How does one (administrator) simply not respond to an auditor? How does one (administrator) get away with it? Are those (administrators) who didn't respond going to feel any consequence for their corruption and/or incompetence?

How is it that after more than one hundred years,
the leadership of the APS still has not figured out how to
protect ours resources from waste due to administrative
incompetence and corruption?

There really is only one explanation; every time that these
problems have surfaced in the past, no one was actually held
accountable for their failure. There has never been a reason
to fix things, that outweighed the need to ignore each others
incompetence and corruption.

This is not rocket science. It can be made impossibly difficult
to hide corruption and incompetence. It can be made impossibly
difficult to allow even inadvertent errors to remain undisclosed.

But the leadership of the APS has decided not to make it
impossibly difficult to hide corruption and incompetence. The
leadership of the APS has chosen instead, to make it impossibly
difficult to expose administrative and executive corruption and incompetence.

They have chosen instead, to make it impossibly difficult to hold
administrators and board members accountable for anything,
not as role models of a higher standard of conduct than the law,
not even to the law, not even for felony criminal misconduct.

Consider the Peanut Butter Gate scandal in the APS Police
APS senior administrators were involved in
felony criminal misconduct. Yet the leadership of the APS is still
protecting the guilty from the consequences of their corruption
and incompetence. Evidence of felony criminal misconduct still
has not been turned over to the District Attorney's Office
more than two years later, and after statutes of limitation have
long since expired and criminal prosecutions are no longer possible.

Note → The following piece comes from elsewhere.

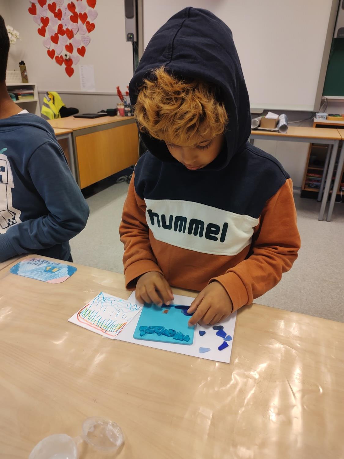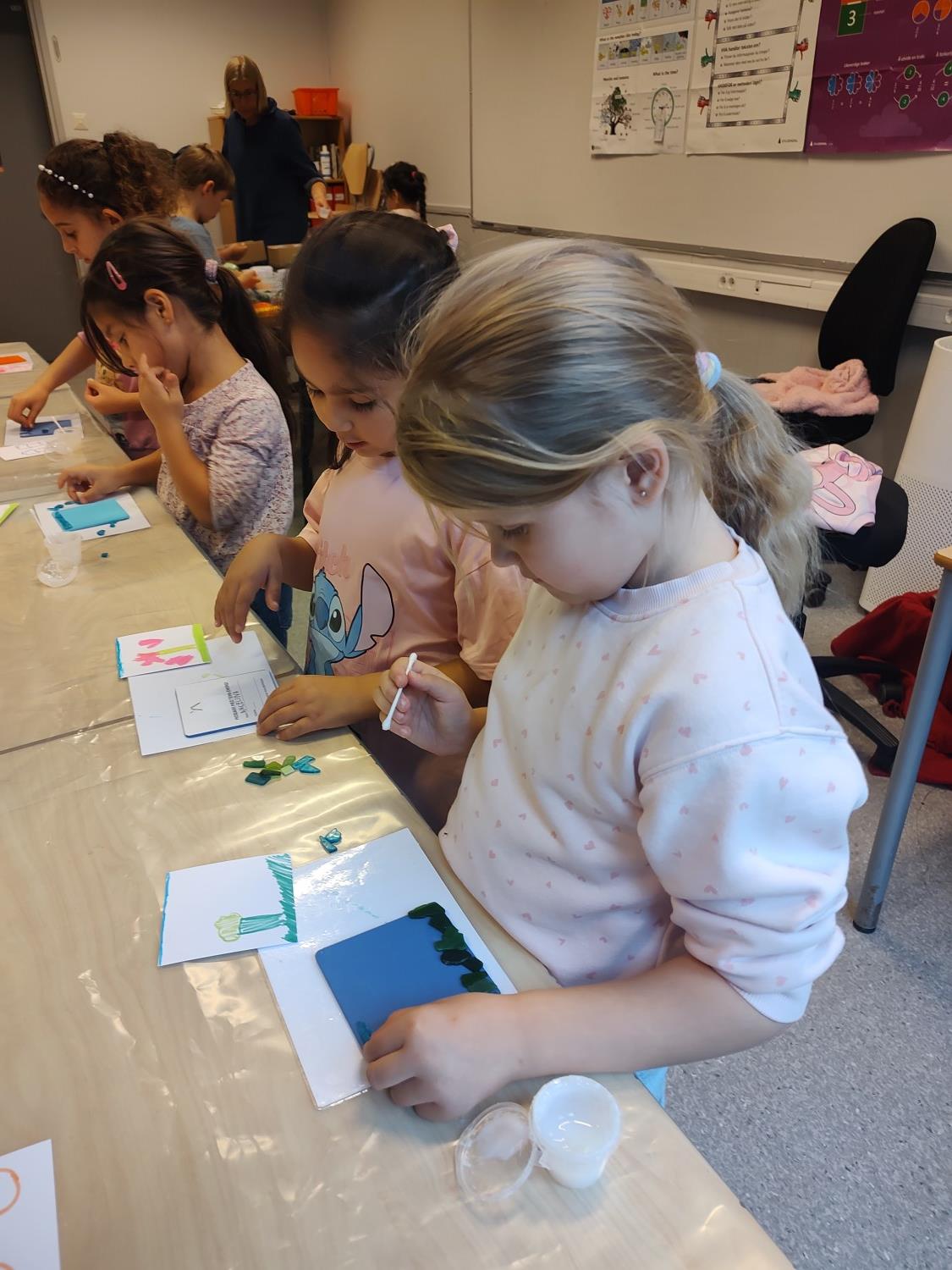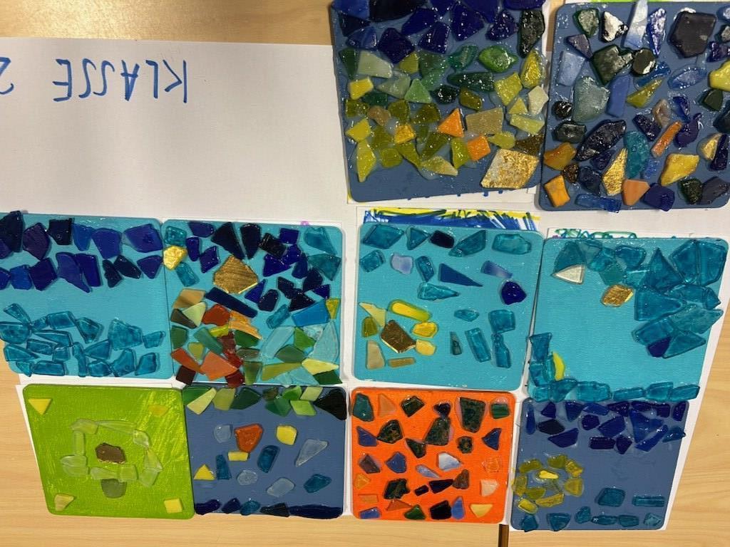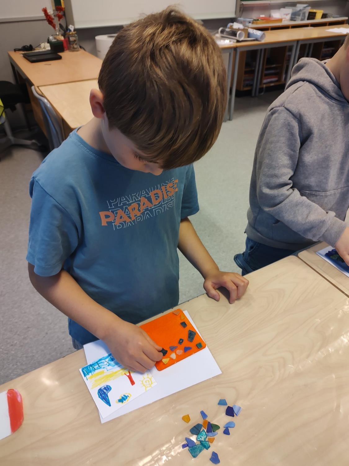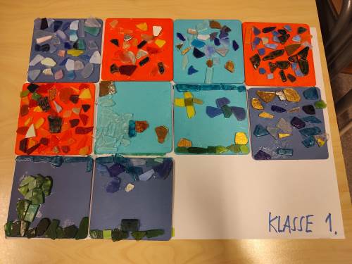 På fredag var vi så heldige å få besøk av kunstneren Anna Berthelsen. Alle fikk lage hvert sitt kunstverk av farget glass. Se på de fine resultatene:)
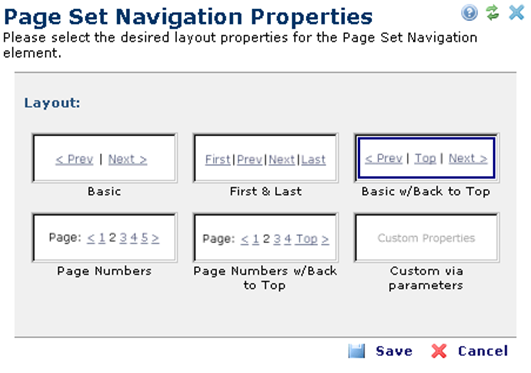 Choose from the list of six layout options the one that best suits your needs. Clicking the sixth option will open the Custom Page Set Navigation Properties dialog where you may choose various options for rendering the Element.

The foxes are guarding the hen house. They refuse to allow an
impartial audit of their stewardship of more than a billion of our
eggs every year.

And every year, there will be more lost or stolen eggs, because
the foxes are never going to hold each other accountable for
occasionally loosing, or even stealing, an egg, or two, or twenty.

1 comment:

Anonymous said...

1)secretary-bookkeeper of a prominent high school in APS had told me that several times the Principal had pocketed cash money donations during school fundraisers and never submitted it for deposit.
2) It is common practice in APS to call kids "Hispanic" or "Native American" in school reports in order to get bilingual funds (they get money per head claimed). Many, many of these children are white English-only students with no other ethnicity in their decedents or home. This money goes into the "general fund" and can be used however the principal decides.
3) There is a "petty cash" account given each year to a principal, which isn't so petty, it's a good sum. These funds can be used at the principal's discretion, and often do not require receipts or documentation.
4) I'm surprised the coach got canned and the teacher reprimanded in the news story for collecting money for booster and school athletics. Many instructors in APS do it the way they did because the school sometimes doesn't deposit their money properly, or the principal will not approve buying some items from the account, and last school year APS froze all school accounts for about 3 days, took a "little bit" out of almost every account (including fund raising accounts), and offered no apology or excuse for consuming apx 10% out of each account.
So yes..... there's a lot of problems on all ends.